I disagree with the plaintiff’s counsel that, on all of the evidence, the jury must have accepted the evidence of Mr Bloomfield and the plaintiff as to the circumstances of the accident. Questions of credit and reliability are, according to the reasoning of the High Court in IMM v The Queen,[6] exclusively for the jury to determine. This was precisely such a case where the issues in dispute turned on the jury’s acceptance, or rejection, of the evidence put before them by either party.
[6](2016) 257 CLR 300.
The plaintiff’s application is predicated on the idea that the jury must have accepted the plaintiff’s version of events, i.e. that he never moved from behind the thick white line, and so a finding of contributory negligence is precluded. However, it is equally possible that the jury preferred the evidence of the defendant, but nevertheless felt that the defendant did not maintain a reasonable distance from the plaintiff’s vehicle when moving into the intersection. The jury, on this view, may have found the defendant negligent but also considered that the plaintiff was negligent in a contributory sense. Such a finding would have been well and truly open to them on the evidence led at trial.

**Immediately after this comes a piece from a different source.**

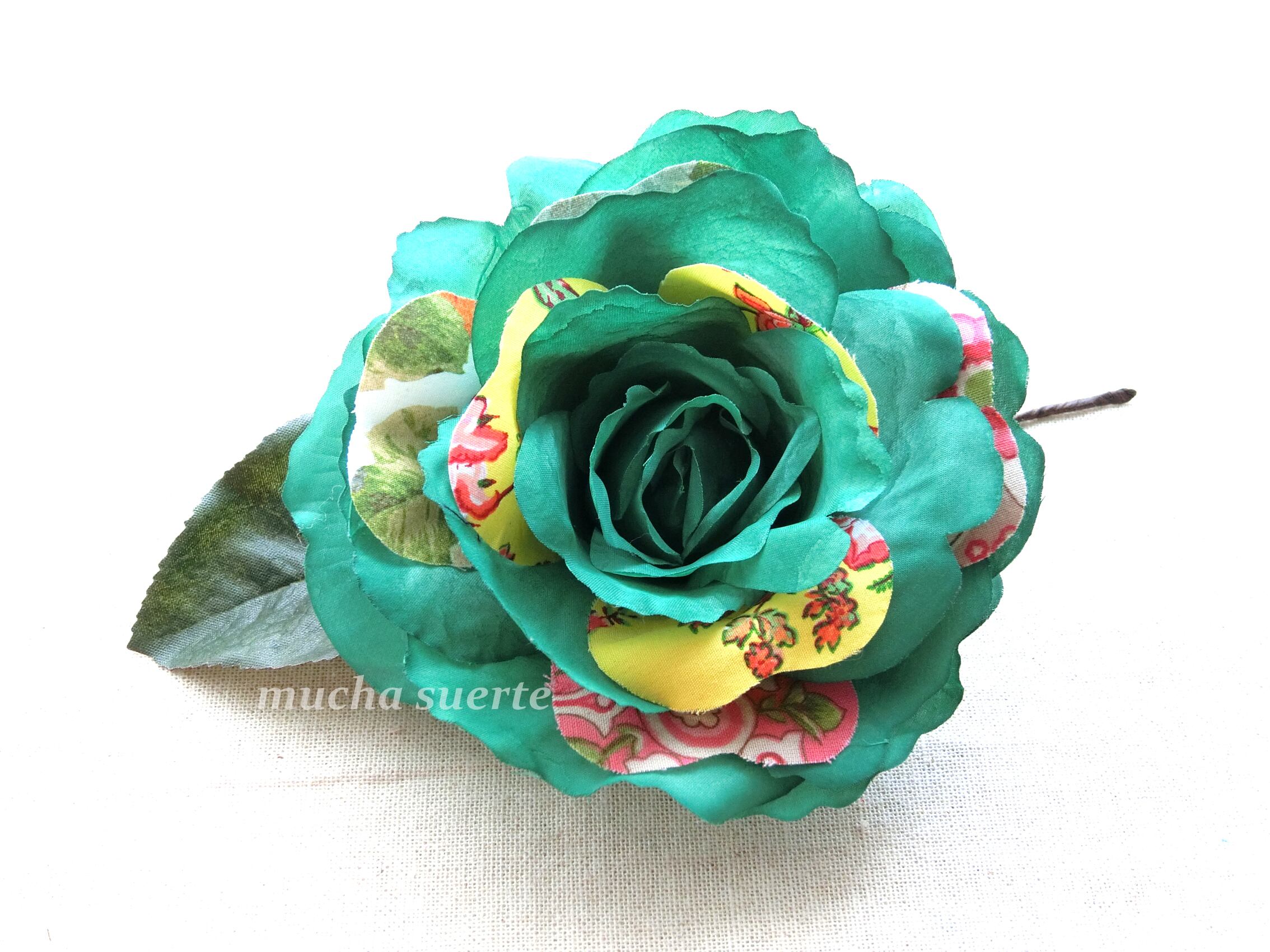 グリーンに彩色したポリエステルの花びらに、スペイン製の花柄コットン生地を

In my opinion, the jury was entitled to find contributory negligence by the plaintiff, especially in light of the evidence given by the defendant. This was a classic case in which the jury were asked to decide between two competing versions of an accident. The jury preferred the evidence of the defendant. It does not matter that Mr Bloomfield’s credit was not challenged (although his view of the accident, and what he could have inferred from that view, was challenged).[7] Having said that, it was put to Mr Bloomfield in cross examination that six years had passed since the accident, and that he had had no reason to recall the accident in that time. He did not prepare a statement immediately after the accident. Indeed, the first time he was required to recall the accident was a month or a few months before trial, when he was contacted by the plaintiff’s solicitors.[8] It would have been reasonable for the jury, having regard to these sorts of considerations, to prefer the evidence of the defendant.
[7]T57.3–4.
[8]T52.6–20.
In any event, it was a matter for the jury having regard to the totality of the evidence, to determine where and how the accident occurred.
Conclusion
The defendant’s evidence was more than sufficient to enable the jury to conclude that the plaintiff had moved off from the traffic lights and slammed on his brake once he entered the Droop St/Hopkins St intersection. I note that, in addition to the viva voce evidence of the witness, a view was conducted on the first day of the trial. The jury therefore had, as evidence before them, their impressions of the accident site, the governing traffic lights and so on.
I consider there was evidence for the jury to reach its conclusion in relation to contributory negligence that the plaintiff was 30 per cent liable. The application must therefore be dismissed.